Ну, конечно, Сашку интересовали мотивы убийств кухарки и горничной. Кому понадобилось чистить столь варварским способом ряды прислуги в их доме? Кому помешали две тихие, малопримечательные женщины? И стоит ли связывать эти убийства между собой? Убили ли обеих по одной и той же причине, один и тот же человек или нет? Интересно, что следователи думают по этому поводу…
И последнее, почему сегодня никто не видел Павла? Днем его никто не видел! Даже Виктория, которая вышла в холл и смотрела на него в упор, потом вдруг завела разговор о Сереге. Да с таким невозмутимым видом, словно Павел за минуту до того Сашку не обнимал. Словно его вообще не было. Ведь тетка даже удивилась, когда она спросила о нем: «При чем здесь Павел?» Ничего себе «при чем»! А с кем она целовалась?! Что-то не похоже, чтобы тетушка проявила тактичность, «не заметив» всего этого и нарочно спросив о Сереге. Похоже, она действительно Павла не заметила.
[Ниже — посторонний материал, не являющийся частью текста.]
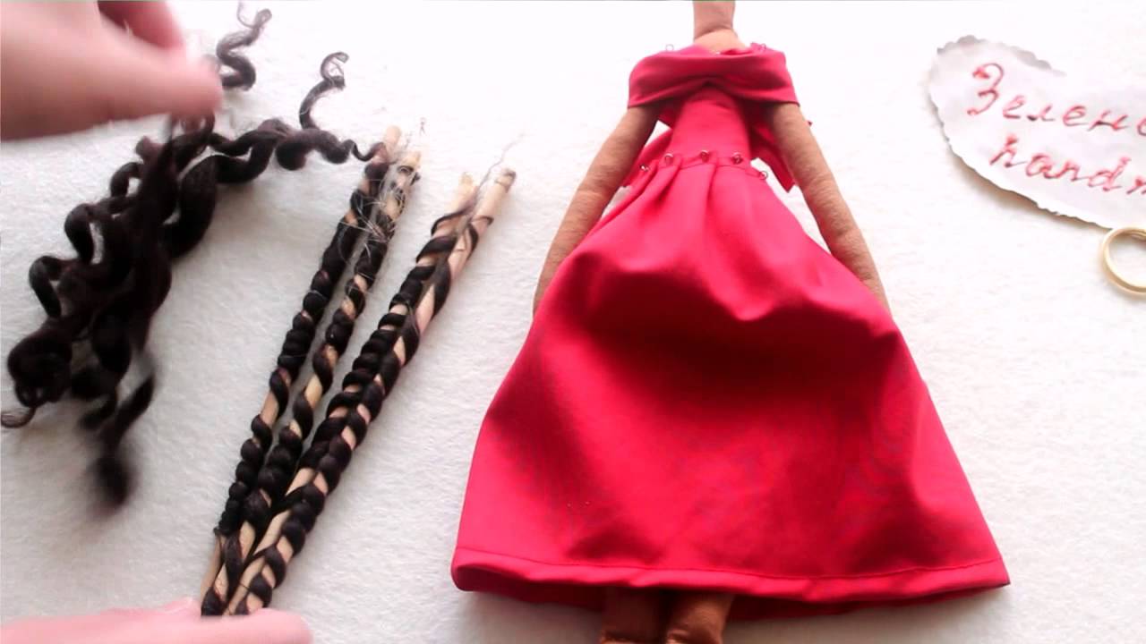 - Изготовление волос может выполняться в виде пришитого к голове парика («обнимашки») или надежно закрепленных прядей («заплеташки»). В обоих случаях стежки должны быть плотными, во избежание просвечивания ткани головы. Многие искусницы вместо волос размешают на головке шапочку.

И как это Серега, вбежавший по лестнице после разговора с Викторией, не столкнулся с Павлом, который спускался по этой же лестнице аккурат в тот же момент? Да и откуда Павел спускался, интересно? С третьего этажа, где расположена гостевая комната, в которой его разместили? Сколько он вообще пробыл в доме до их встречи? На чем приехал из Москвы и на чем уехал обратно? Ведь машин-то около дома не было! Да и охрана, по заявлению Синичкина, никого не впускала на территорию. Что за чертовщина такая! Получается, что Павла сегодня днем видела только она. Одна! А он шатался по дому неизвестно сколько времени до их встречи и исчез непонятно куда после. И это как раз в тот час, когда была убита Надя. Да был ли он вообще? Может быть, ей он почудился? Тогда с кем она целовалась?!
«Кто такой этот Павел? Почему все наши беды начались с его появления в вашем доме?» — вспомнила она слова Сереги.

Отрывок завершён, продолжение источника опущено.